Regards Mark @ Autobrite Direct!


----------



## Ronnie

mmm right in the middle of the holidays. how to tell the wife.. Will have to load teh OCD Swag van and head over. Looking forward to this.


----------



## mr cooper

Can't wait. Really enjoyed this years. Also think peterbourgh arena is an excellent venue.:thumb:


----------



## Buckweed

Great day out... Are the swirl girls booked ?:doublesho :lol:


----------



## AndyC

Got some wheels lined up for the S&S so will keep an eye on this.


----------



## cossienuts

looking forward to it already


----------



## IntrAphasE

i will be there and hoping to enter my E39 in the top 16


----------



## gtmin

Brilliant news can't wait to see all the people I met last year!


----------



## Ultimate Shine

I am deffo going again, TBH my whole reason for going was my feeling that if you are involved in the trade you have to support the trade.
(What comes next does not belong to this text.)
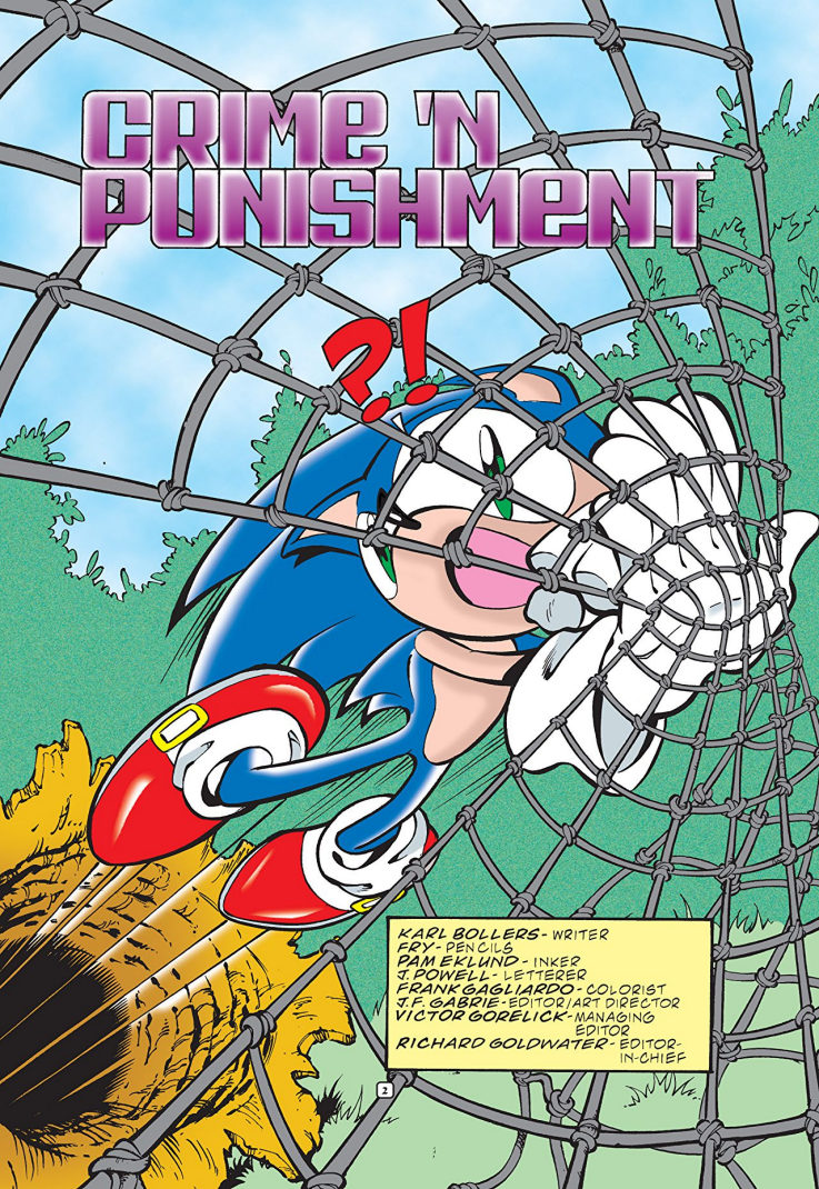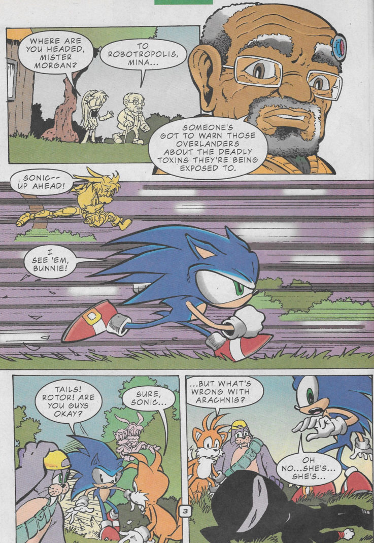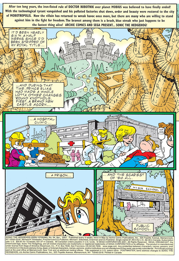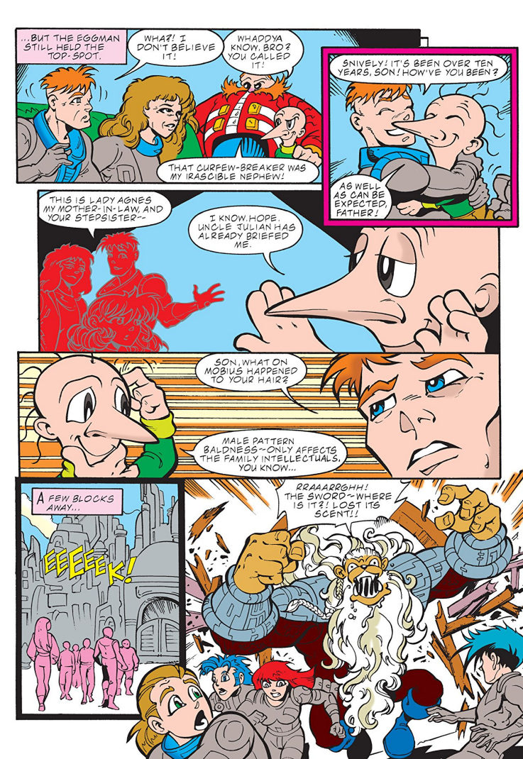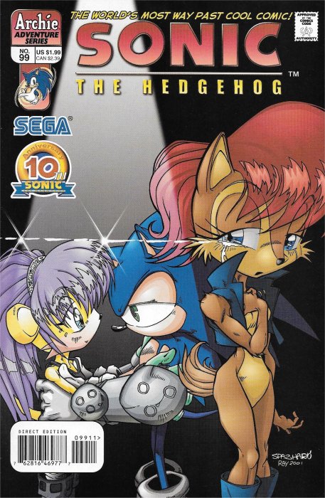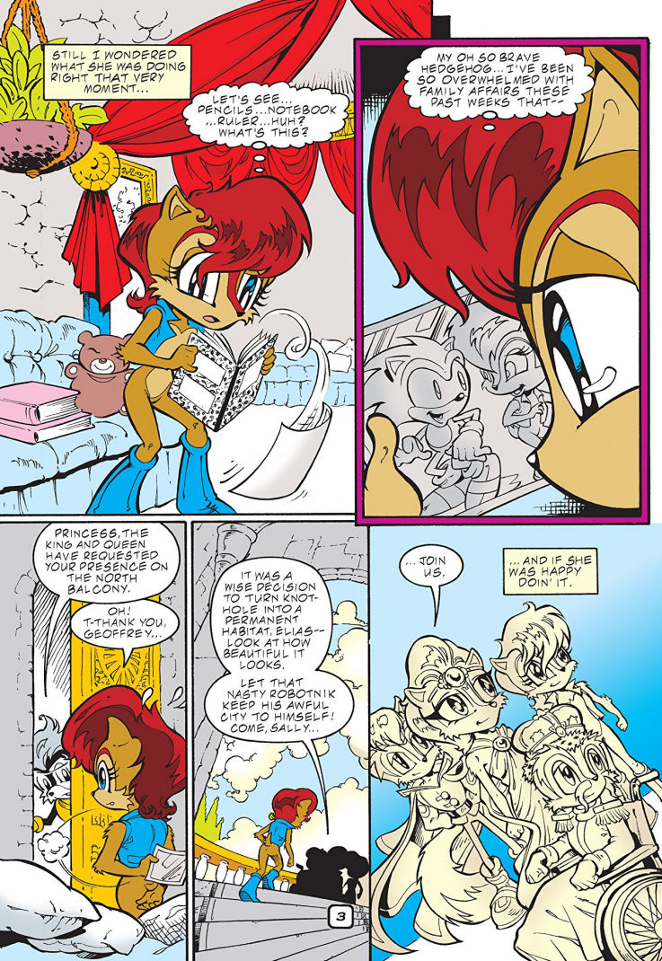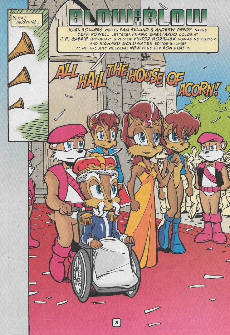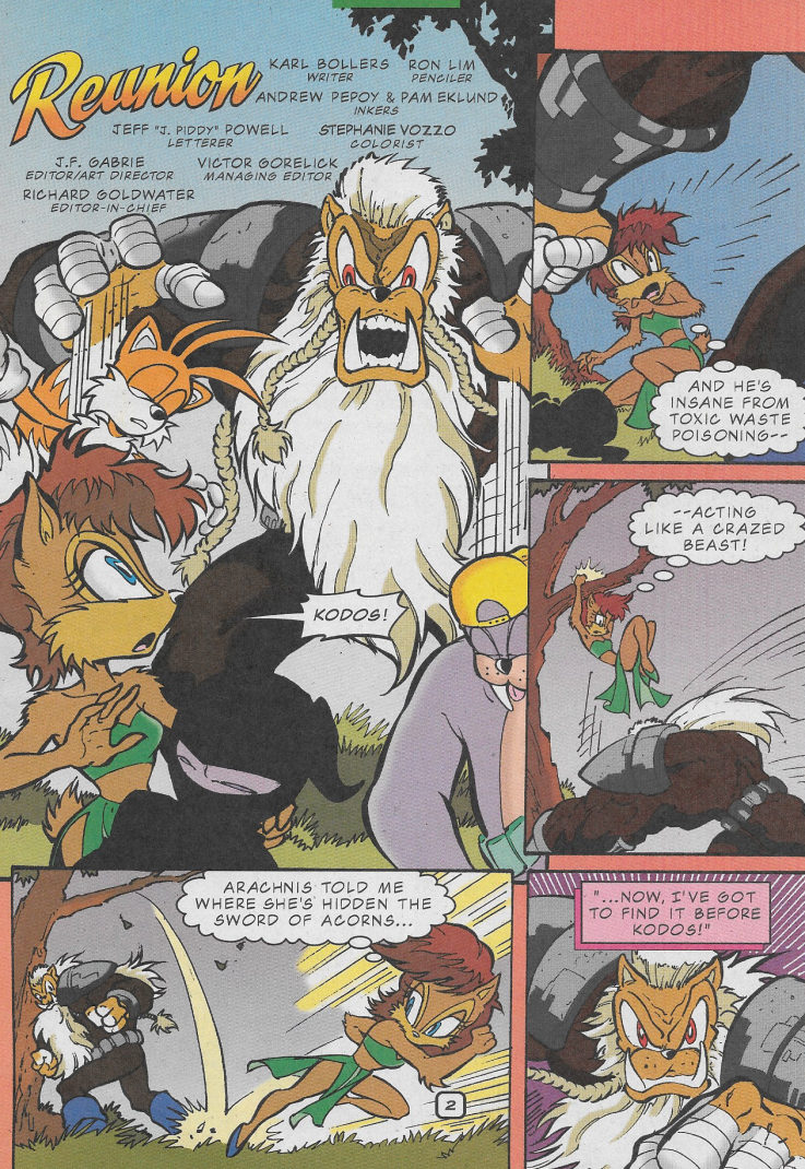 This thrill-a-minute issue is not to be missed! After returning to Knothole, Geoffrey informs Elias that Robotnik still has robotization on his mind. Sally disguises herself as a servant and manages to sneak out of Castle Acorn in order to go see Sonic, but Sonic has his hands full trying to stay incognito while he continues his quest for Arachnis and the Sword -- not to mention Mina, Sally's latest rival for Sonic's affections! The intrigue never ends in a plot where Kodos, Doctor Quack, Tails, Nate, Elias and Knuckles all play a part! And just like the previous issue -- what's with all the missing Overlanders?

Fantastic show and might try and get a car lined up for the top 16. Will prob have a stall with Mitchell and King products (yet to be confirmed):thumb:


----------



## Auto Finesse

Oooh Date clash date clash!!!, GTi international decided to change venue and date since this years accident, so this year we will have to bail.


















On Gti International, no way was we going to miss Waxstock


----------



## Ns1980

/\/\/\ great news James :thumb:


----------



## JBirchy

Kept us all in suspense for a couple of seconds there James!


----------



## Ns1980

Will the swirl police be there again?  :thumb:


----------



## JBirchy

Ns1980 said:


> Will the swirl police be there again?  :thumb:


Think we might try and get some Waxamomo resident swirl police this year!


----------



## Waxstock

Ns1980 said:


> Will the swirl police be there again?  :thumb:


the simple answer is YES. and i might have to recruit a few more officers - just to keep you lot in check 8)


----------



## Ns1980

Waxstock said:


> the simple answer is YES. and i might have to recruit a few more officers - just to keep you lot in check 8)


:thumb:


----------



## ShampooEfficient

Week before my wedding, wonder if I can persuade Woman to pop along...


----------



## Huey

Haha, if she's as good as mine, she'll be there..........even better mine spent the best part of £350 on me that day:thumb:, the only stipulation was I had to spend more time doing her car..........winner.


----------



## Lloydy

Will be there for sure this time! Could not make it this year but am looking forward to this already!


----------



## littlejack

Im GUTTED!!!! I will be on my holidays in Turkey fly out on the 5th july.....


----------



## Joe the Plumber

puppag said:


> Cool!! Can't wait for this, I'm sure one day it will be a two day event. Nice work John.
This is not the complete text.